The 2020 Rising Star Monitor reveals that about one in two high-growth ventures are entirely internally funded. Over 90 percent of young, high-potential ventures which had not used external funding did not even apply for it. About three in four ventures do not do so because they believe they do not need it. Beyond that, entrepreneurs don’t apply for bank financing because they don’t think they have enough financial history, they see the application process for subsidies as too cumbersome, fear losing control with venture capitalists and angels, and they consider crowdfunding as too time consuming.
The insights in the fifth edition of the Rising Star Monitor, a study by Vlerick Business School and Deloitte Belgium, are based on data gathered from 168 young, high-potential Belgian ventures in a wide cross-section of industries with an average age of 2.7 years and 279 founders.
In light of the COVID-19 crisis, this year’s edition addresses venture financing as it is an important core business resource and fuel for venture growth.
Sam Sluismans, Partner at Deloitte Belgium: “Each year the Rising Star Monitor provides great insights into the trends and challenges faced by young, high-potential ventures in Belgium. This year, the COVID-19 pandemic is of course a focus, but so is venture financing to ensure continued growth. Interestingly, the fact that we are in a deep health and economic crisis has not significantly impacted the growth ambitions of the ventures. Yet, the analysis shows that there is an opportunity for them to make more and better use of external funding. A lack of knowledge or misunderstandings are the key reasons why the high-potential ventures often fail to take advantage of venture financing.”

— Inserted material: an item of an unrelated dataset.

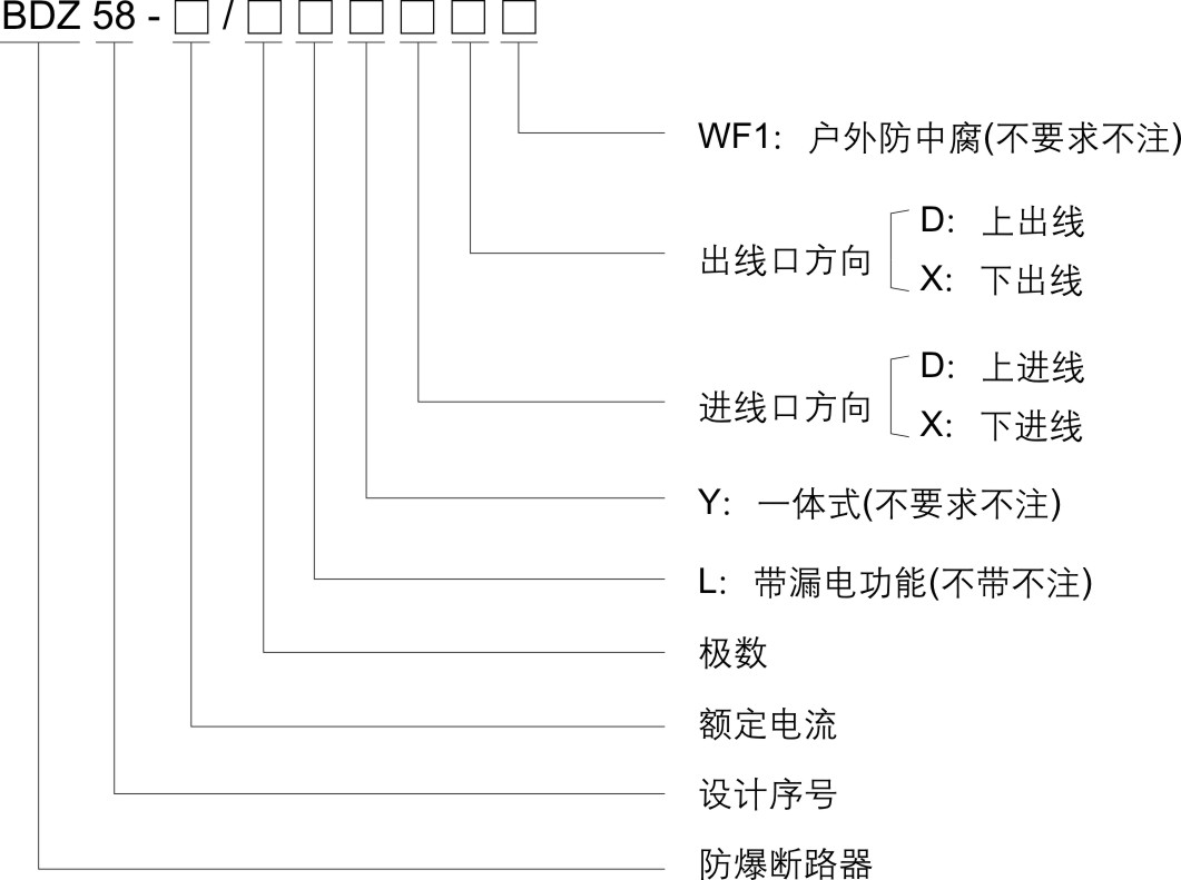 > 例如:需要 10A、3 級、下進下出,則產品型號為 BDZ58-10/3XX。
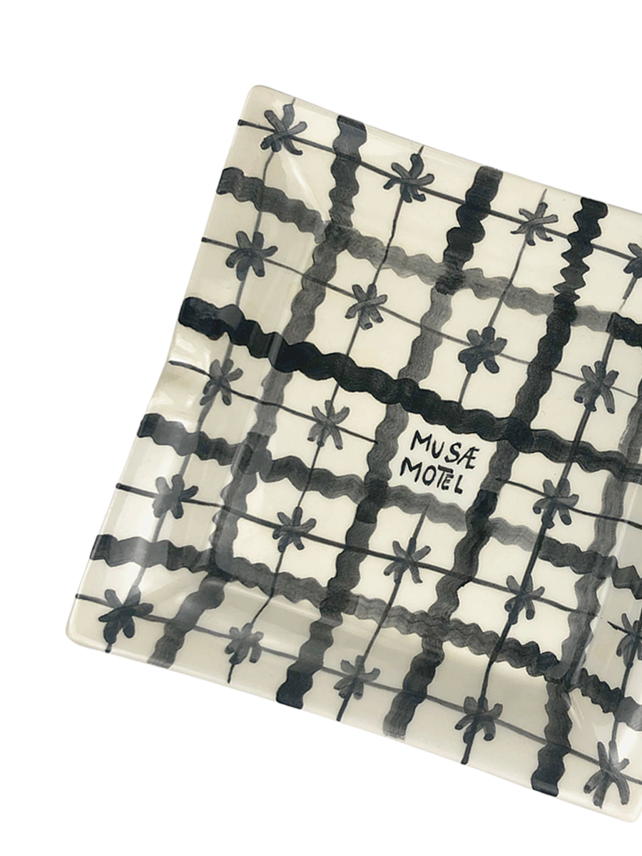 Decorato con intricati motivi in nero e grigio su fondo crema, questo posacenere da 17x17 cm unisce l’eleganza minimalista a un’estetica ispirata al vintage.

Our Rising Star Monitors have shown that a majority of high-potential ventures do not have high growth ambitions. In 2020, only 38 percent have high growth ambitions, while the majority prefer to keep their business at a size that they can manage themselves.
In five years, high growth ventures want to employ an additional 33 employees (versus only 2.6 for low growth ventures), which is five less than last year. When it comes to sales, however, they want to grow with 9.4M EUR (compared to 5.8M last year).
Veroniek Collewaert, Professor of Entrepreneurship and Partner at Vlerick Business School: “As we see elsewhere, facing COVID-19, scale-ups are temporarily delaying their growth ambitions when it comes to their hiring. This makes sense as they are trying to reduce operational costs to deal with the crisis. However, this does not translate into their sales growth ambitions, which shows their high hopes for the future.”
Despite popular fundraising stories, only one in two high-potential ventures has raised money from at least one external financing source, including sources such as family and friends. The most frequently used external financing source is bank debt (35 percent of high growth ventures), followed by government subsidies (31 percent). One in four high potential ventures raised external equity financing. In all of this, Belgian scale-ups are comparable to their European counterparts.
For those ventures that have used external financing, the average amount raised is highest for venture capital (€938,000), followed by corporate/strategic investors (€492,000), business angels (€419,000), subsidies (€348,000), bank debt (€230,000), other external sources (€169,000), crowdfunding (€106,000) and accelerators or incubators (€19,000).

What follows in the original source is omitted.